▸ **INPUT**:
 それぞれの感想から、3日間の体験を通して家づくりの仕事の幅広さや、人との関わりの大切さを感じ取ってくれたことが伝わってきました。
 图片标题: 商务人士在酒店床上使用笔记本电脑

--

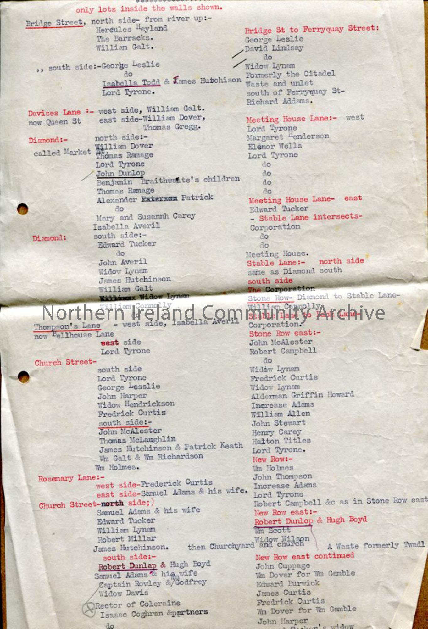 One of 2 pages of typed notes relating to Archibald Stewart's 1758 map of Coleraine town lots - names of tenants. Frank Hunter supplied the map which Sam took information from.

...

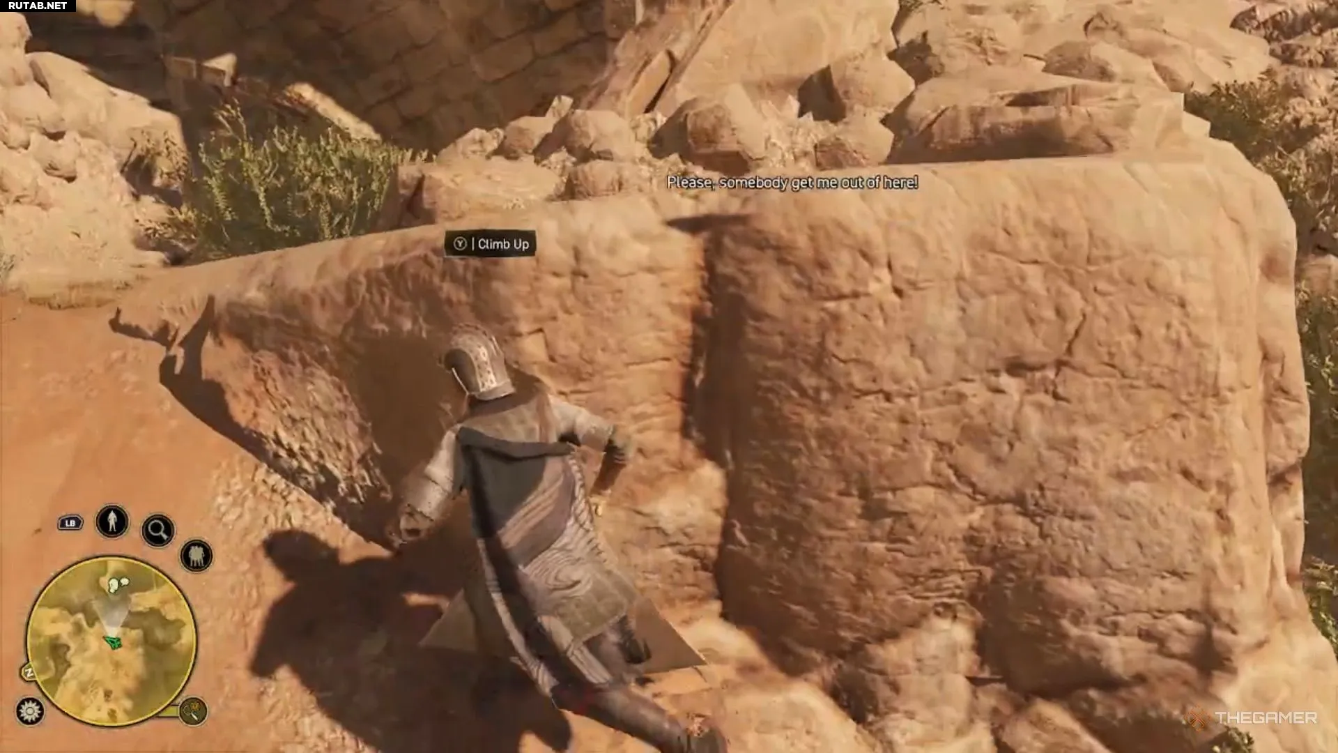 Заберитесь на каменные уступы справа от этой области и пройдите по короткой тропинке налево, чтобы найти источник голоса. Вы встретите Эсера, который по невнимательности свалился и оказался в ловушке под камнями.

▸ **EXERCISE BRIEF**:
Set down, from the entries above, exactly the lines from the one with "それぞれの感想から、3日間の" up to and including the one with "图片标题: 商务人士在酒店床上使用笔记本电脑", and no other lines.

▸ **SOLUTION**:
 それぞれの感想から、3日間の体験を通して家づくりの仕事の幅広さや、人との関わりの大切さを感じ取ってくれたことが伝わってきました。
 图片标题: 商务人士在酒店床上使用笔记本电脑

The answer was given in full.